A Câmara Municipal de Belo Horizonte deu um passo significativo nesta segunda-feira (13) ao aprovar, em votação de primeiro turno, o Projeto de Lei 633/2025. A proposta visa instituir o Programa de Combate à Cristofobia na capital mineira, com o intuito de estabelecer políticas públicas e aplicar sanções administrativas contra atos de discriminação e violência direcionados à fé cristã, uma medida que já acendeu intenso debate entre os parlamentares e a sociedade.
Detalhes da Proposta e o Conceito de 'Cristofobia'
De autoria do vereador Irlan Melo (PL), o texto legislativo recebeu 31 votos favoráveis, quatro contrários e quatro abstenções. O projeto estabelece a proibição de manifestações hostis, sejam elas diretas ou indiretas, explícitas ou implícitas, verbais, escritas ou físicas, contra os símbolos e adeptos da fé cristã.

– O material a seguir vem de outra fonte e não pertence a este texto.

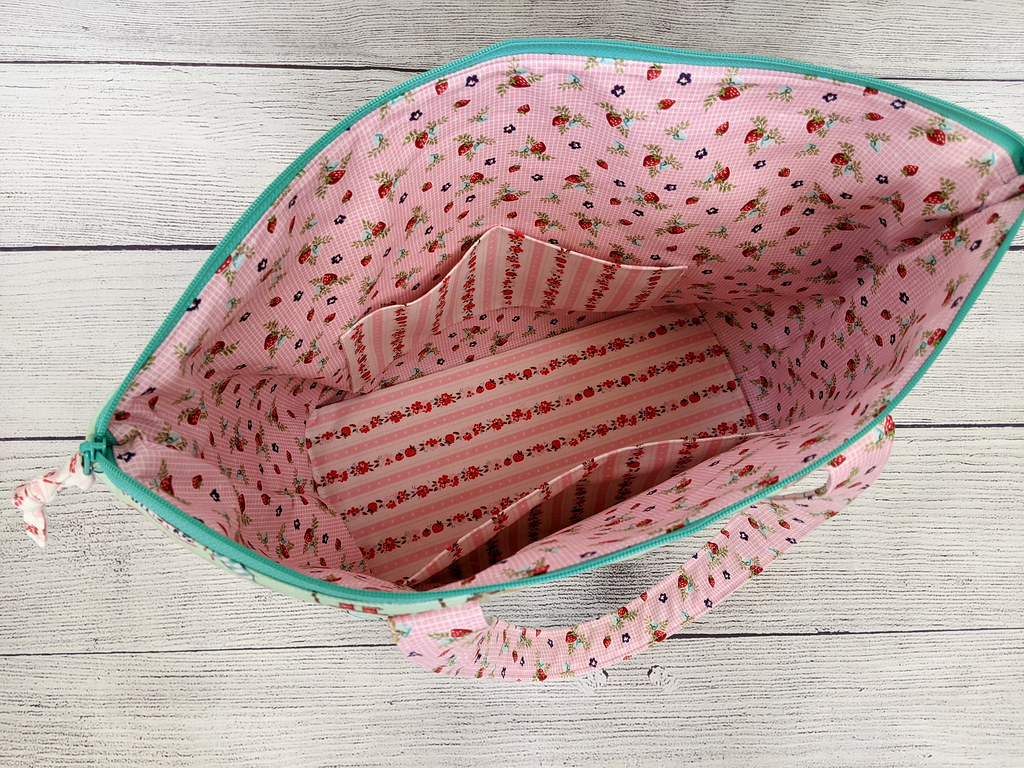 Even though we got behind during the class, my daughter did an awesome job of sewing this whole bag herself! Gone are the days where I have to help guide the fabric to keep it straight — she is definitely becoming more accurate and I can simply tell her to make a 1/4 inch seam or 1/8″ top-stitching and she can do it on her own! She plans to use her bag for her cross-stitch supplies as well!

Conforme a justificativa do autor, o termo 'cristofobia' é empregado para designar o preconceito, a discriminação ou a violência direcionados a indivíduos, grupos ou instituições por sua crença cristã, configurando-se, segundo a proposição, como uma ameaça à liberdade religiosa e aos direitos humanos fundamentais.

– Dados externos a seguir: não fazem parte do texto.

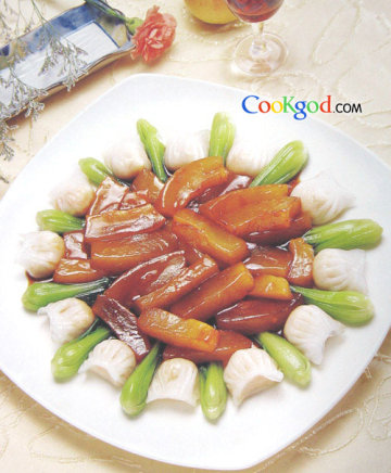 鱼片玉白鲜嫩,佛手瓜翠黄味香。

Ações e Mecanismos de Proteção Previstos
A iniciativa concede à Prefeitura de Belo Horizonte a prerrogativa de criar um banco de dados dedicado ao registro e monitoramento de ocorrências relacionadas à cristofobia. O programa também prevê a promoção de estudos e pesquisas sobre a incidência desses episódios, bem como a implementação de ações para fomentar o respeito e a proteção dos cristãos, com atenção especial a comunidades evangélicas e outros grupos religiosos considerados vulneráveis. Estão contempladas ainda campanhas educativas, iniciativas de conscientização, mecanismos para recebimento de denúncias e acolhimento às vítimas, além do incentivo ao diálogo inter-religioso e à valorização da diversidade de crenças na cidade.
Sanções Administrativas e o Contexto Legal Brasileiro
O projeto prevê a imposição de multas a pessoas físicas e jurídicas que pratiquem atos classificados como cristofobia. As penalidades podem ser aplicadas a indivíduos, empresas, organizadores de eventos, camarotes e blocos carnavalescos que promovam ações tidas como discriminatórias ou ofensivas à fé cristã. A multa inicial estipulada é de R$ 4,5 mil, com a possibilidade de ser aumentada em casos de reincidência.
É imperativo ressaltar que a proposta municipal não visa instituir um novo tipo penal no Código Penal brasileiro, que é de competência exclusiva da União. A legislação proposta restringe-se ao âmbito administrativo, estabelecendo sanções e políticas públicas no contexto da cidade. Crimes relacionados à intolerância religiosa já são abrangidos pela legislação federal, notadamente pela Lei nº 7.716/1989, que coíbe a discriminação por motivo de religião, raça, cor, etnia ou procedência nacional, garantindo a liberdade de crença, um direito fundamental assegurado pela Constituição Federal de 1988.
Debate Parlamentar e Próximas Etapas
A proposição legislativa gerou discussões acaloradas entre os vereadores da capital. Seus defensores argumentam que o projeto se configura como um instrumento vital para a proteção da liberdade religiosa, respondendo a um que eles percebem como aumento de hostilidades contra cristãos em diferentes espaços públicos e culturais. Em contrapartida, os críticos questionam a necessidade de uma legislação específica para um único grupo religioso, uma vez que o ordenamento jurídico brasileiro já possui mecanismos para punir amplamente a intolerância religiosa, independentemente da fé professada.
Para que se torne lei, o Projeto de Lei 633/2025 ainda necessita de aprovação em segundo turno pela Câmara Municipal. Após essa etapa, o texto será encaminhado para análise do Executivo municipal, que terá a prerrogativa de sancioná-lo integralmente ou vetá-lo, parcial ou totalmente.